Capital Builder was offered through a company called International Trust Management Services, based on the Isle of Man, in the Channel Islands between England and France.

"When he spoke to me, I felt as if I had been living my entire life in a black and white box," the doctor recalled. "Suddenly he was opening a window, and it was Technicolor outside."

In the autumn of 1998, the doctor flew to the Isle of Man and met a man who introduced himself as the manager of the program.

The fund manager told the doctor he could roll over his IRA into Capital Builder, and that it would pay 200% a year.

The returns would more than pay the taxes and penalties on early withdrawal from his IRA.

The fund manager showed the doctor documents promising that the $1.5 million principal would be guaranteed by the Bank of Ireland.

The fund manager also told the doctor that the Isle of Man protects its reputation as a clean offshore haven by promising to pay 95% of all fraud losses.

The doctor believed his money would be safe. He sold his practice and sent $1.5 million to the Isle of Man for deposit in the Capital Builder program. At 200% a year, his monthly income from the fund would be nearly $250,000.

The first monthly payment was due December 14, 1998. When it didn't arrive, the doctor phoned the Isle of Man and was told there was no problem, but some paperwork from the Bank of Ireland had been slow coming through. His first payment would arrive January 3, 1999.

It didn't. Instead the doctor received another excuse. Then another, then another. Some of the excuses made sense to him but many were lame.

"I just kept waiting and watching and trusting," he said. "The excuses just kept coming, for months.

I wanted to believe it would work out because I had so much at stake."

The doctor now believes that the Capital Builder fund manager in the Isle of Man did not set out to steal his money.

He believes that the fund manager was more like a wholesaler, a middle man, yet another sub-agent who honestly thought he was going to invest the doctor's money -- and the money of others who had invested in Capital Builder -- in somebody else's high-yield offshore program.

"The common thread among victims is that we believe what we want to believe," the doctor said. "

And we find we can choose to believe an awful lot. We commit to it. We defend it, even if it doesn't make sense."

The doctor believes his money kept passing up the chain to the ultimate person, the shrewd financier, the international "Mr. Big" who was supposed to actually do the deals and execute the trades that generate such incredibly high returns.

Mr. Big, finally, stole the doctor's money.

There was no guarantee from the Bank of Ireland. There was no guarantee that the Isle of Man would pay 95% of his losses.

"I don't know, but I think the money ended up in Grenada," the doctor said.

"A lot of crooks dump their money into Grenada. They need a place to put their funds, so why not put it somewhere it's supposedly going to make a lot more money?"

The doctor's plan for the rest of his life has been shattered. On April 15, 1999, he was supposed to pay his taxes on his 1998 income, on the profits he made from selling his business, and on the money he had taken out of his IRA.

He owed $700,000. He had nothing. Everything was offshore.

"It was as if a ton of bricks had fallen on me," he said. "I realized my money might be gone, and I had these huge bills to pay."

He filed for an extension with the IRS, then another. He finally paid the IRS $30,000 in October 1999 and said that was all he had.

With his practice gone, he took a job working for someone else, on salary, in a clinic.

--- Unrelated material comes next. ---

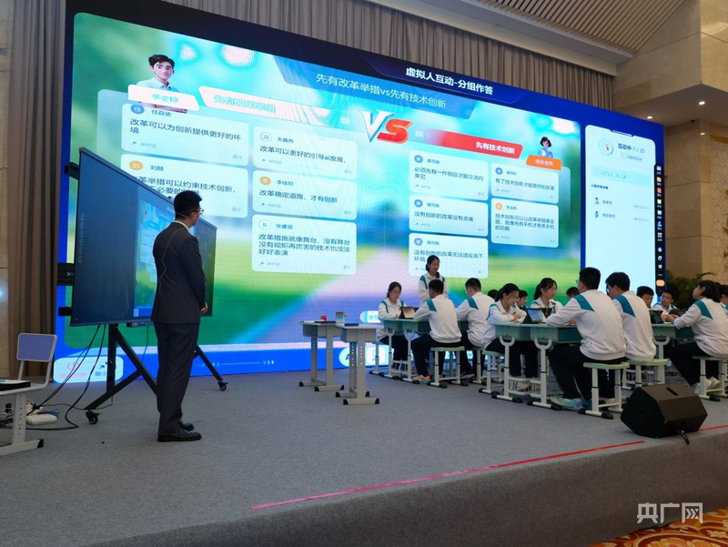 隨后一場(chǎng)“先有技術(shù)創(chuàng)新還是先有改革舉措”的辯論更是燃動(dòng)全場(chǎng),學(xué)生們的觀點(diǎn)實(shí)時(shí)同步到大屏幕上,正反方思路清晰呈現(xiàn),思維碰撞的火花看得見(jiàn)、摸得著。
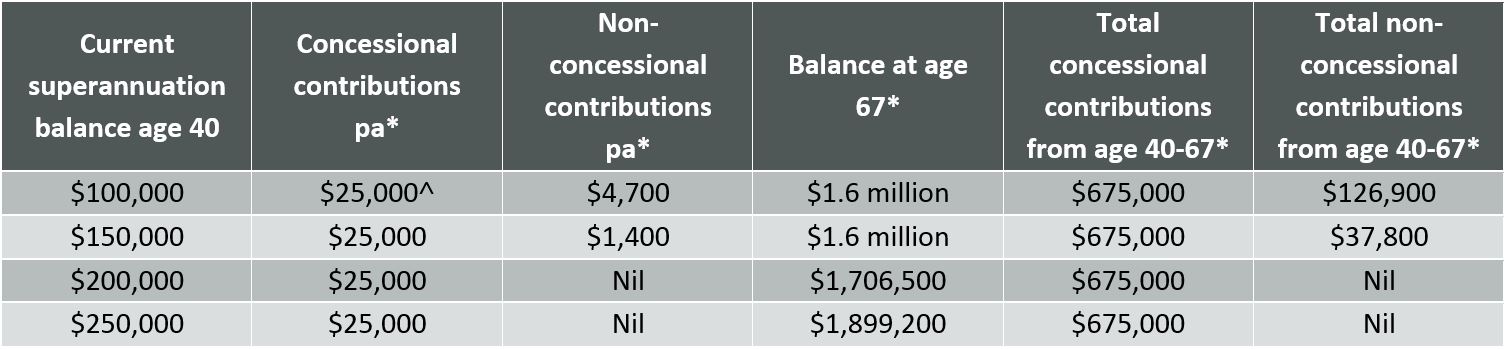 - Each fund member will mainly rely on the combination of concessional contributions (in some cases markedly below the proposed annual cap on these contributions) and the investment earnings of their funds, utilising the benefits of compounding returns over 27 years.

He has a meeting scheduled with an IRS agent to begin working out payment schedules to pay off his tax bill.

He will not be retiring any time soon. He will have to work for many years to pay off his tax bill.

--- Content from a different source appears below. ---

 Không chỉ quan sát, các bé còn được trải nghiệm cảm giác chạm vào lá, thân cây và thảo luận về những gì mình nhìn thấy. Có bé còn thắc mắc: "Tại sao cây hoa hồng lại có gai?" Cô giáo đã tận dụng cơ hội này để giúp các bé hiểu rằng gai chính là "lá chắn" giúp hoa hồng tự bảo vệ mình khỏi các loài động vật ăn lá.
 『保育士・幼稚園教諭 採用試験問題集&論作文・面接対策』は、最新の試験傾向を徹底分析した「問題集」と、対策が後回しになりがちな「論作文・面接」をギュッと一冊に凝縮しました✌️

And if and when he does retire, his lifestyle will not be as comfortable as if he had simply kept his money in his old IRA.

Perhaps worse, his confidence in himself, his self-esteem, has been destroyed. He's not the person he thought he was.

"My faith in myself to pick out good people has really been shaken by this," he said.

He doubts he will ever get any of his money back. "I'm back in my black and white box," he said.

"I just hope that someday a little part of me can see a little Technicolor come back."